Found a definition and example for Double Calendar options, though the text is the usual Zacks low quality , b/c for example what does it mean when it below says "you're profiting from the difference in the length of the options"? It's just stated so, but not explained. https://finance.zacks.com/double-calendar-option-strategies-11766.html " Single Calendars In a single calendar option, you buy and sell two options of the same type with different lives. Generally, you buy the longer-term option and you sell the shorter-term option. If you do this with call options, you can profit if the stock ends up anywhere near the price on the options. Behind the scenes, you're profiting from the difference in the length of the options. Double Calendars A double calendar spread is a combination of two calendar spreads -- one with puts and one with calls. The impact of combining two calendar spreads is to lengthen the time during which the spread generates a profitable trade. Instead of having a profit and loss graph that looks like an upside down V, a double calendar's profit-loss graph looks more like an "M" with two peaks -- a period in the middle where the trade remains profitable but less than at the peaks and two gradually sloping lines on either side. Double Calendar Example Consider a stock trading around $50 per share as of the end of July. In a double calendar, the trader would sell a put option at $48 for August and buy a put option for $48 for September. At the same time, he would also sell a $52 call for August and buy one for September. He can't lose more than the difference in price between the two pairs of options, but he can profit over a wide range of share prices. " Maybe here's a better text by TD Ameritrade: "Double Calendars: The Low Volatility Trade with Two Peaks" But: the author has set a wrong link to a previous related text, b/c it instead links just to itself, ie. recursion Incompetent high-paid idiots everyhere w/o any quality control! I think the correct link is this one: https://tickertape.tdameritrade.com/trading/calendar-spread-options-low-volatility-15885 The buggy link is this: https://tickertape.tdameritrade.com...pdate-traders-bracing-higher-volatility-97281
It's all a big mess at TD Ameritrade: for example a text from 2017 references a text from 2019. How is that possible at all?! And in some articles the images are missing... :-(
Continuing my research on calendars... Either my calcs are wrong or calendars seem to have the power to bring down the whole system...

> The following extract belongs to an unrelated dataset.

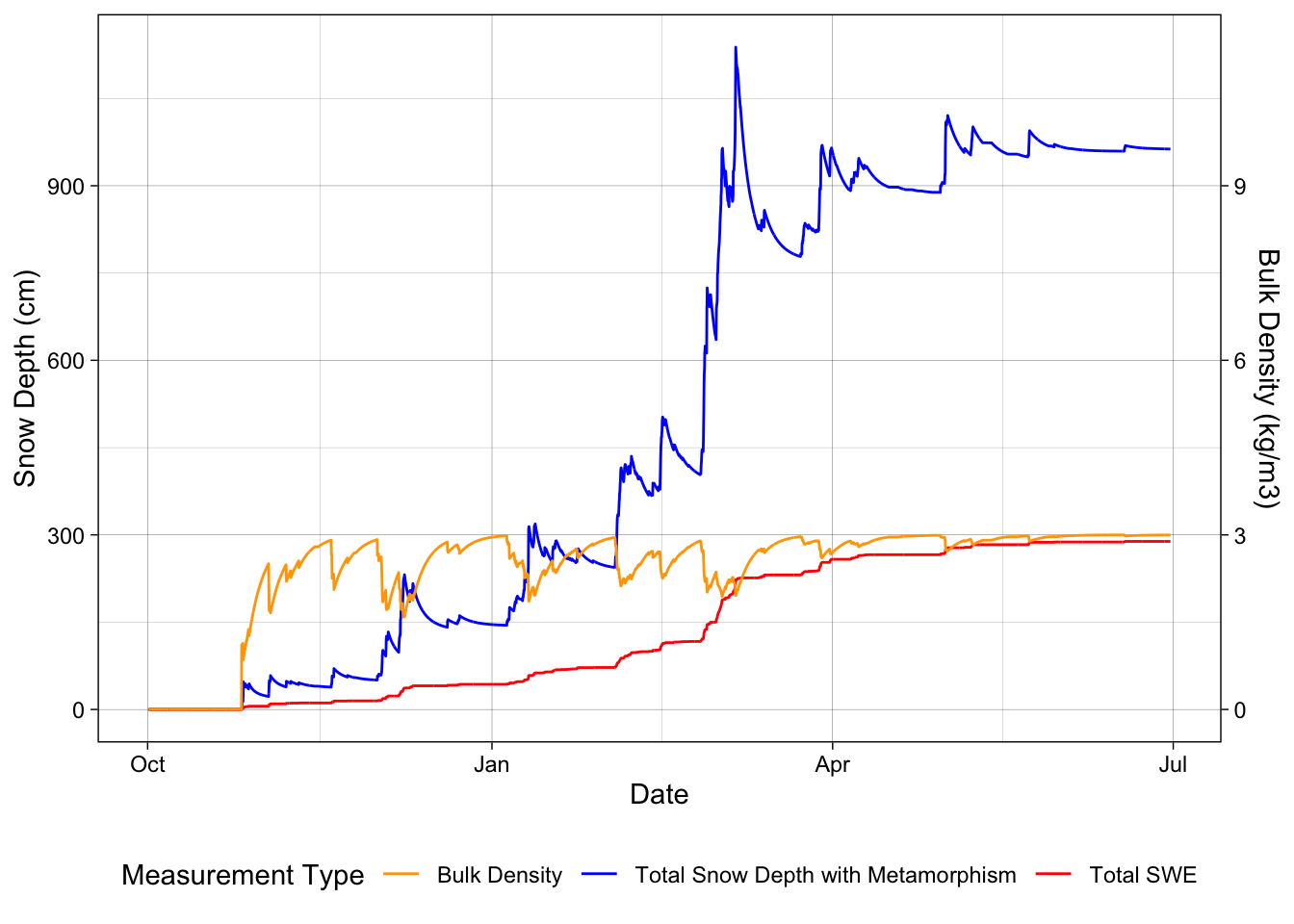 ggplot() +geom_line(data = ASOS_snow_calcs, aes(x = valid, y = total_snow_depth, color ="Total Snow Depth with Metamorphism")) +geom_line(data = ASOS_snow_calcs, aes(x = valid, y = total_swe, color ="Total SWE")) +geom_line(data = ASOS_snow_calcs,aes(x = valid, y = combined_density, color ="Bulk Density")) +scale_y_continuous(name ="Snow Depth (cm)",sec.axis =sec_axis(~./100, name ="Bulk Density (kg/m3)") ) +scale_color_manual(values =c("Total Snow Depth with Metamorphism"="blue", "Total SWE"="red", "Bulk Density"="orange") ) +labs(x ="Date",color ="Measurement Type" ) +theme_linedraw() +theme(legend.position ="bottom")

If you start visualizing vol as merely synthetic time it simplifies (somewhat) the causal trade offs you mentioned with theta decay. Ie, imagine a stock that never moves much at all, just slowly/surely marches slightly upwards over the course of a year in a very boring and predictable manner (low vol). Now imagine a highly volatile stock that jumps around a lot, up-down-up-down in a sporadic unpredictable manner (high vol). The low vol stock price will move much more slowly over time. If you were to compare absolute price movement between the two stocks, the high vol stock would move X amount in much less time than the low vol stock would move X (absolute movement not cumulative), or, the low vol stock needs *more time* to move the same amount as the high vol stock, therefore vol acts as a sort of ‘time-multiplier’ for price movement and can be thought of as a synthetic for time. Intuitively this kinda makes sense, to make a stock price move around more you can either increase the amount of time it is allowed to trade, or, increase the stocks vol over a set amount of time.